-- Records follows --

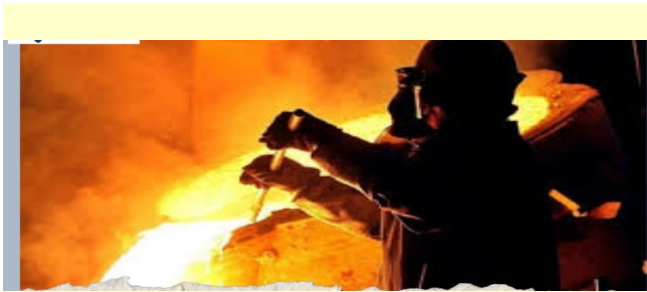
The lives and livelihoods of industrial workers are forgotten in war

Previously, about 90% of Iranian workers were employed under temporary or blank contracts with minimum wages insufficient for even one week's living costs. Now, with escalating
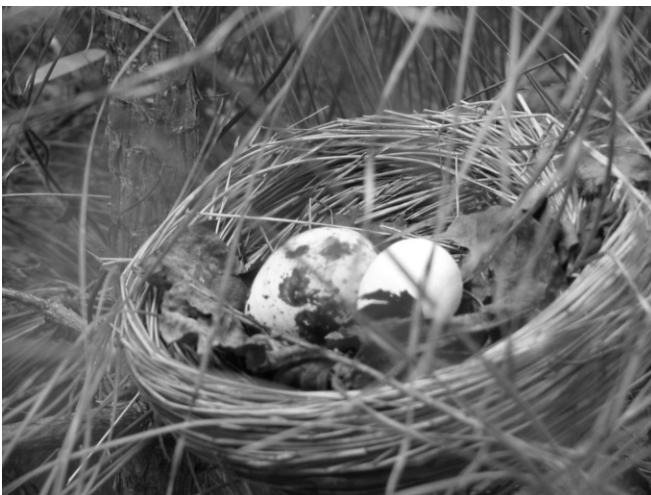
Figure 2. Artificial nest baited with one quail (l) and one clay egg (r).

Within each of the four primary habitat types ten locations were randomly chosen for nest placement. At each nest location two nests were placed; one at ground level and one on a tree branch, for a total of 80 nests used per season. Ground nests were placed next to a stump, fallen tree, or at the base of a tree. Arboreal nests were placed on a branch or in the fork of tree limbs 1 to 2 m above the ground (Fig. 3). Nests were placed a minimum of 50 m apart.
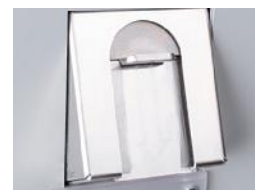
Vandal-proof coin slot
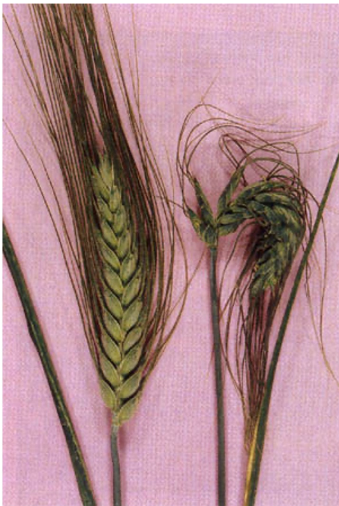
'Fish hook' deformation of the ear (right) caused by wheat aphid, compared to a
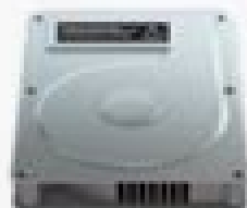
1 TB USB Disk
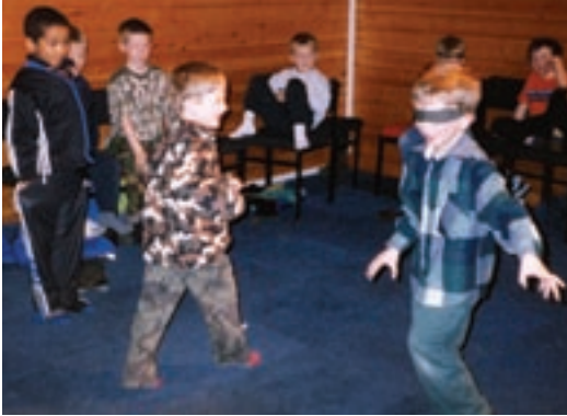
Birds of Prey

-- Records concluded --

### Goal of the exercise
Give the records again exactly as they stand, so that only the pictures are missing.

### Exercise answer
The lives and livelihoods of industrial workers are forgotten in war

Previously, about 90% of Iranian workers were employed under temporary or blank contracts with minimum wages insufficient for even one week's living costs. Now, with escalating
Figure 2. Artificial nest baited with one quail (l) and one clay egg (r).

Within each of the four primary habitat types ten locations were randomly chosen for nest placement. At each nest location two nests were placed; one at ground level and one on a tree branch, for a total of 80 nests used per season. Ground nests were placed next to a stump, fallen tree, or at the base of a tree. Arboreal nests were placed on a branch or in the fork of tree limbs 1 to 2 m above the ground (Fig. 3). Nests were placed a minimum of 50 m apart.
Vandal-proof coin slot
'Fish hook' deformation of the ear (right) caused by wheat aphid, compared to a
1 TB USB Disk
Birds of Prey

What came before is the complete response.